- _Work to be completed_: In the records below, the relevant part opens with the line containing "Mặt đá solid" and closes with the line containing "Beige Embroidered Tissue"; print that part exactly and only, without its pictures.

- _Listed records_:
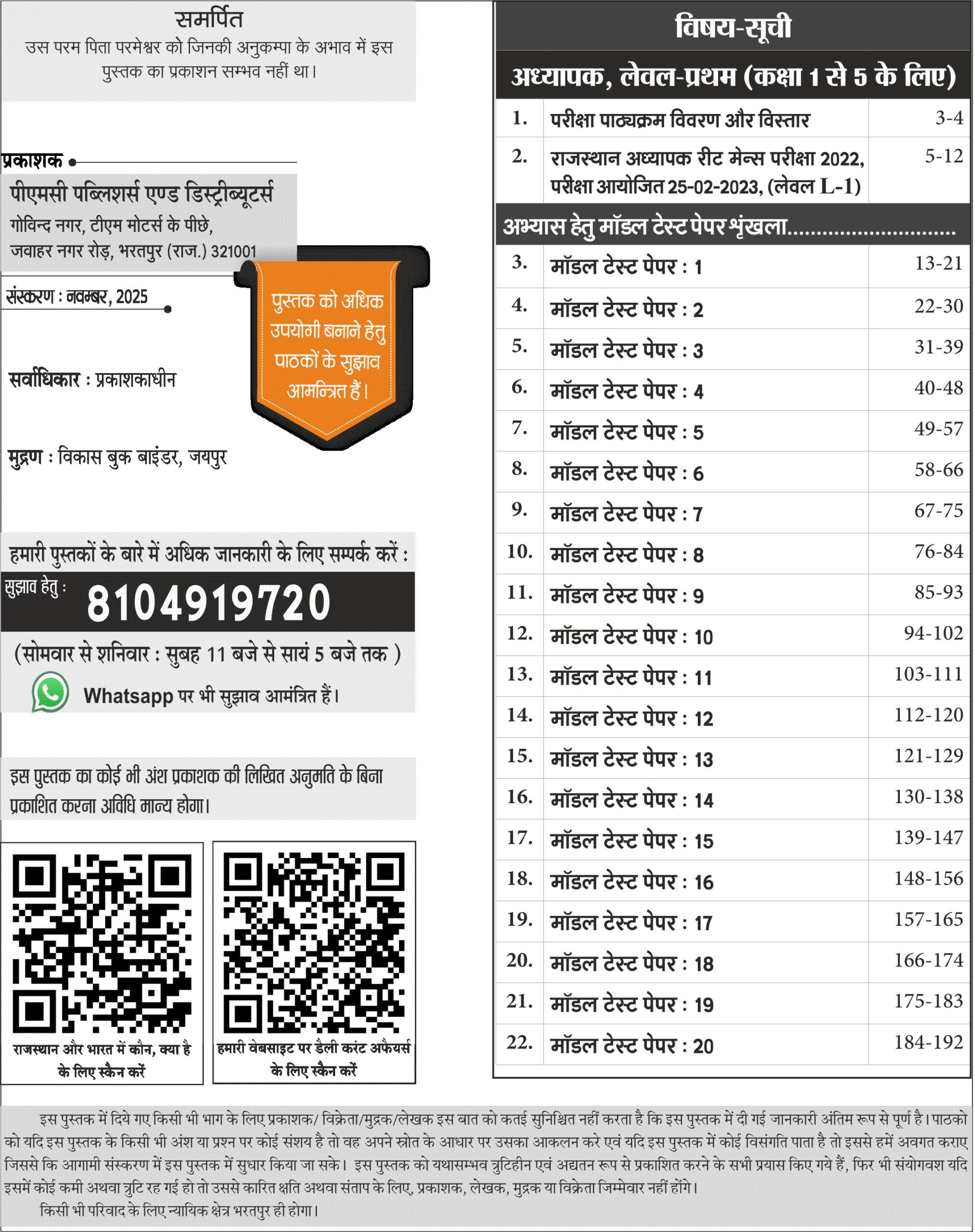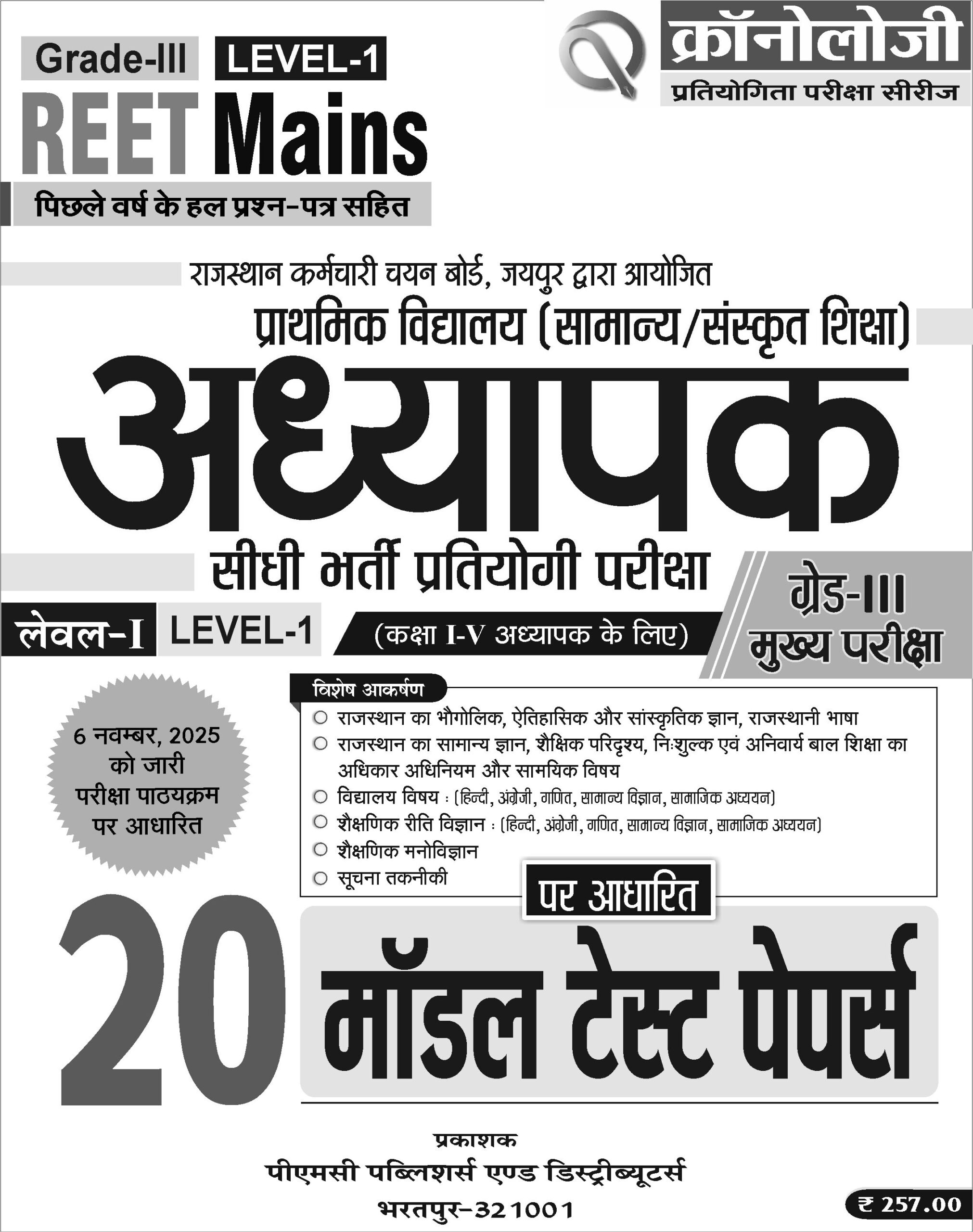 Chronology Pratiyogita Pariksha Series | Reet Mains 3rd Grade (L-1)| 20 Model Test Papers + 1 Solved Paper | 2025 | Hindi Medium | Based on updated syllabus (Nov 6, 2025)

...

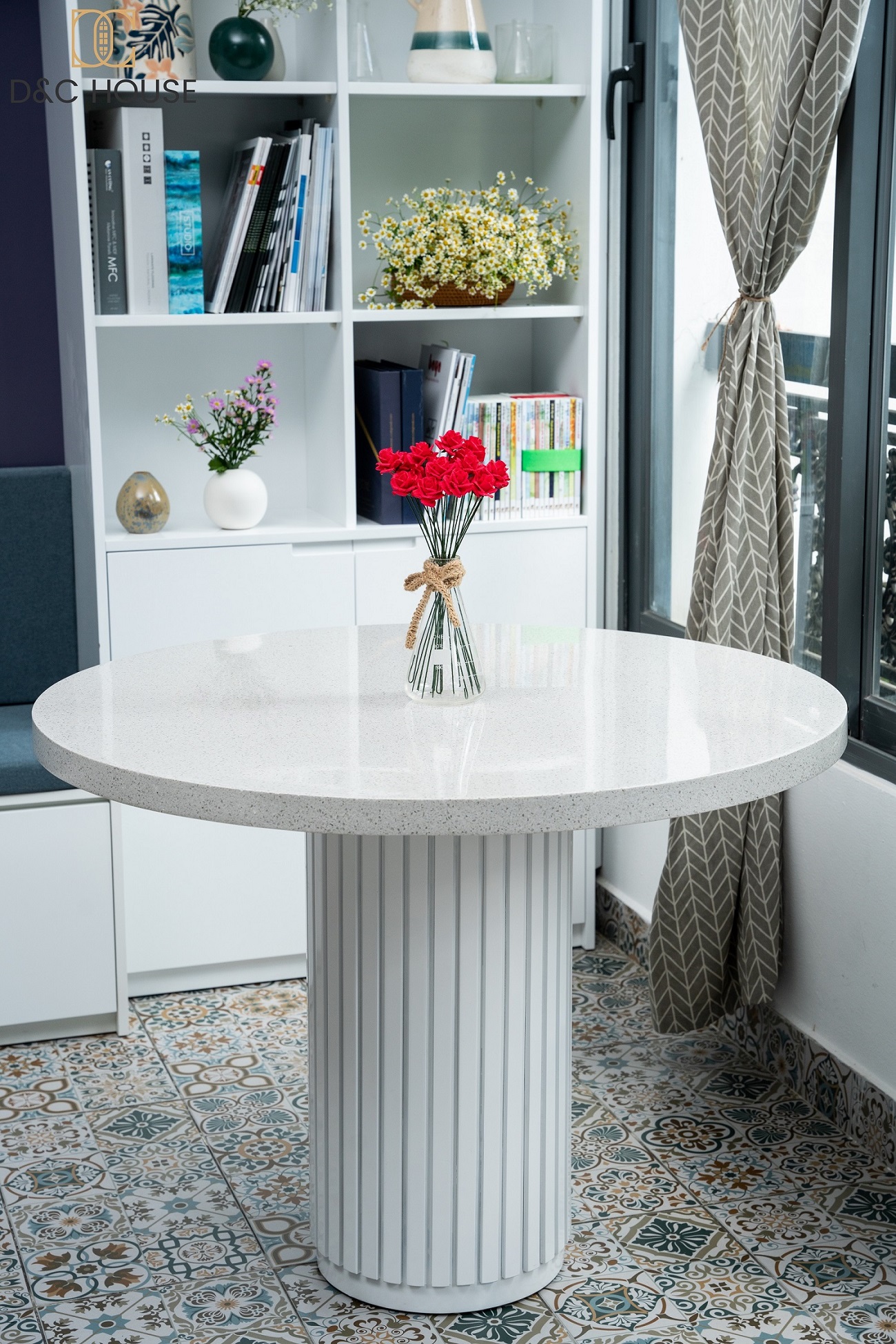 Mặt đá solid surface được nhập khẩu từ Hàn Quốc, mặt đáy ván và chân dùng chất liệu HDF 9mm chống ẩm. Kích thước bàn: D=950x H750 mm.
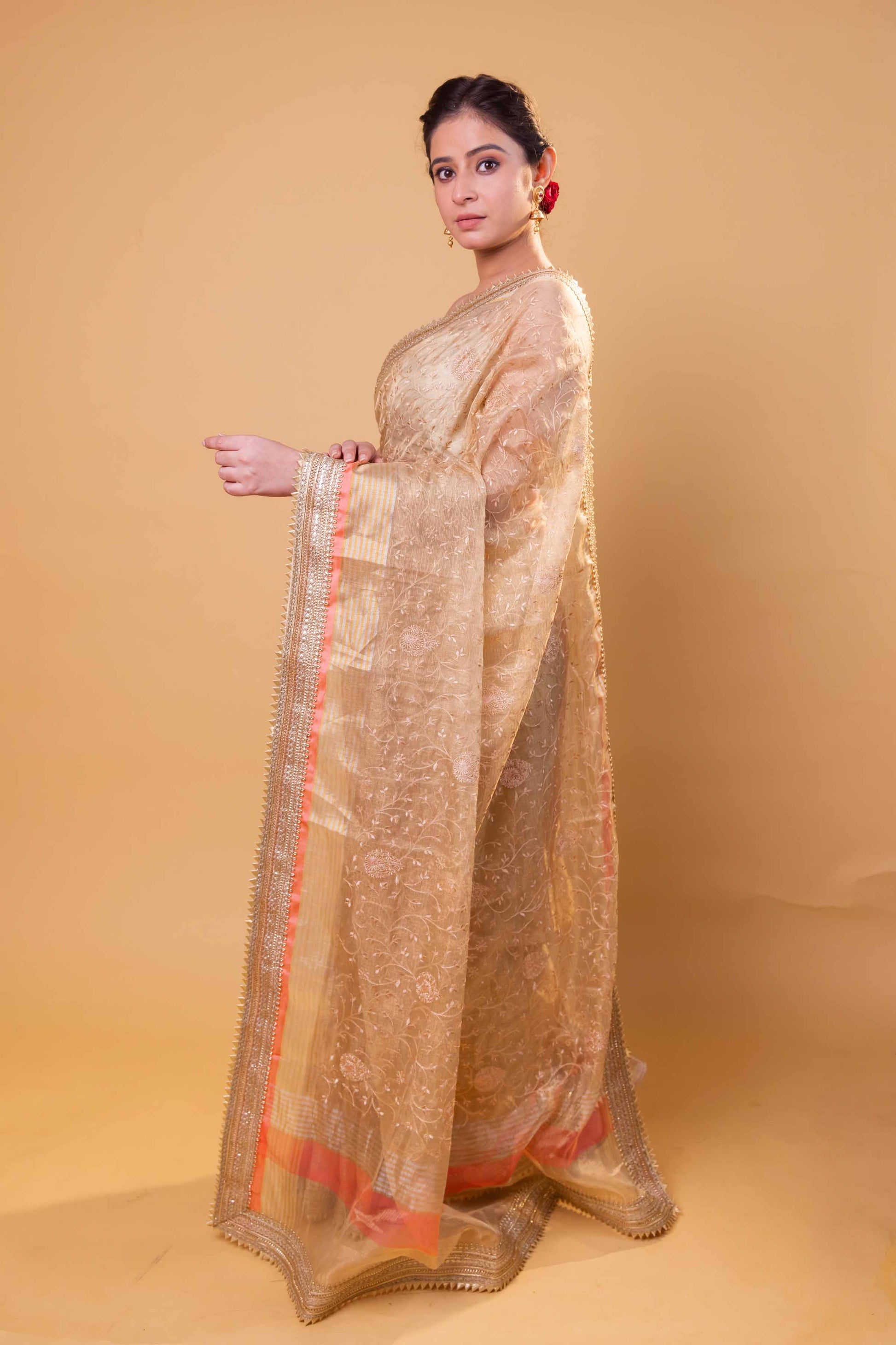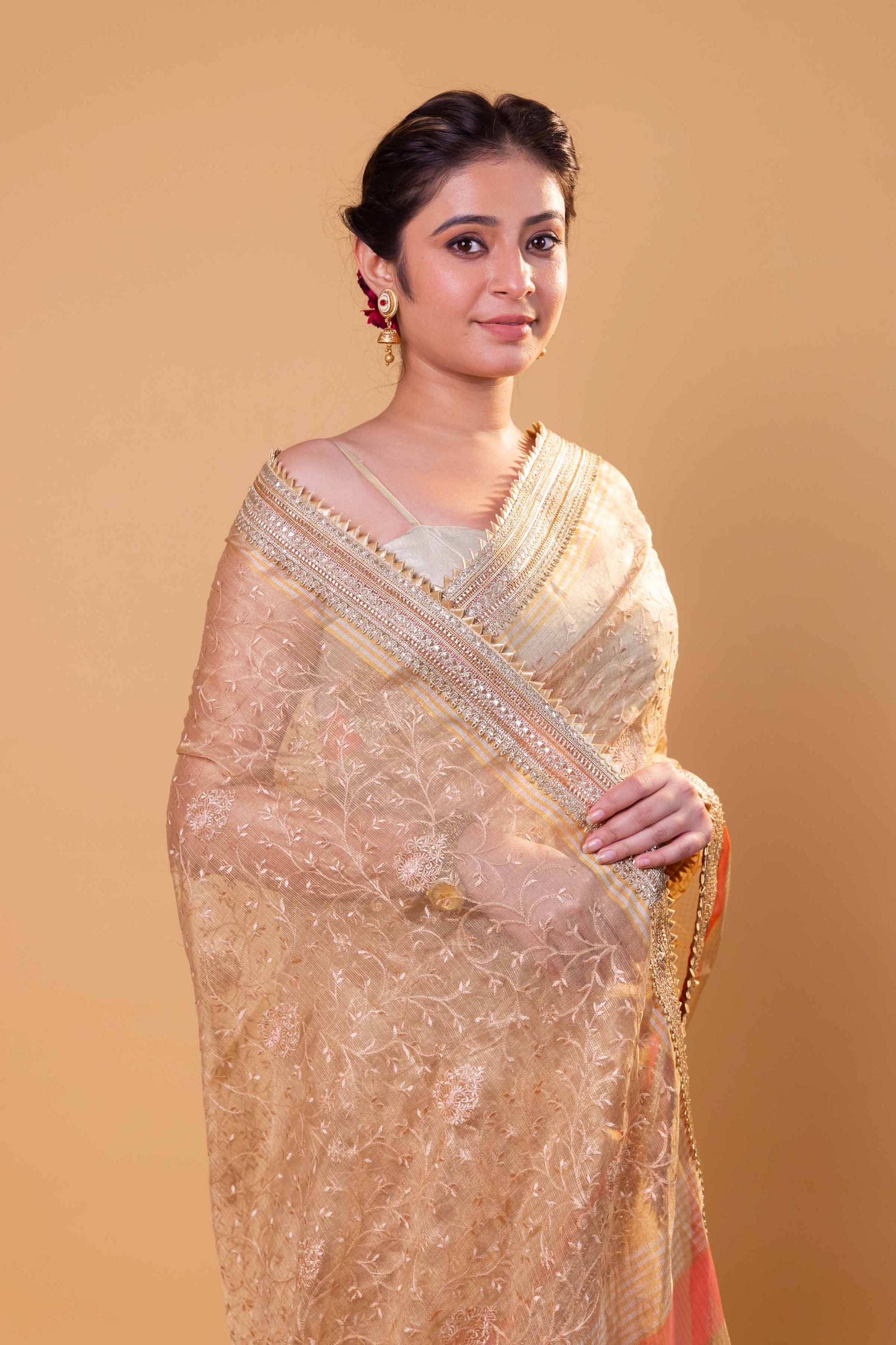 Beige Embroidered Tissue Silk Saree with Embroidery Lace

- _Result below_:
 Mặt đá solid surface được nhập khẩu từ Hàn Quốc, mặt đáy ván và chân dùng chất liệu HDF 9mm chống ẩm. Kích thước bàn: D=950x H750 mm.
 Beige Embroidered Tissue Silk Saree with Embroidery Lace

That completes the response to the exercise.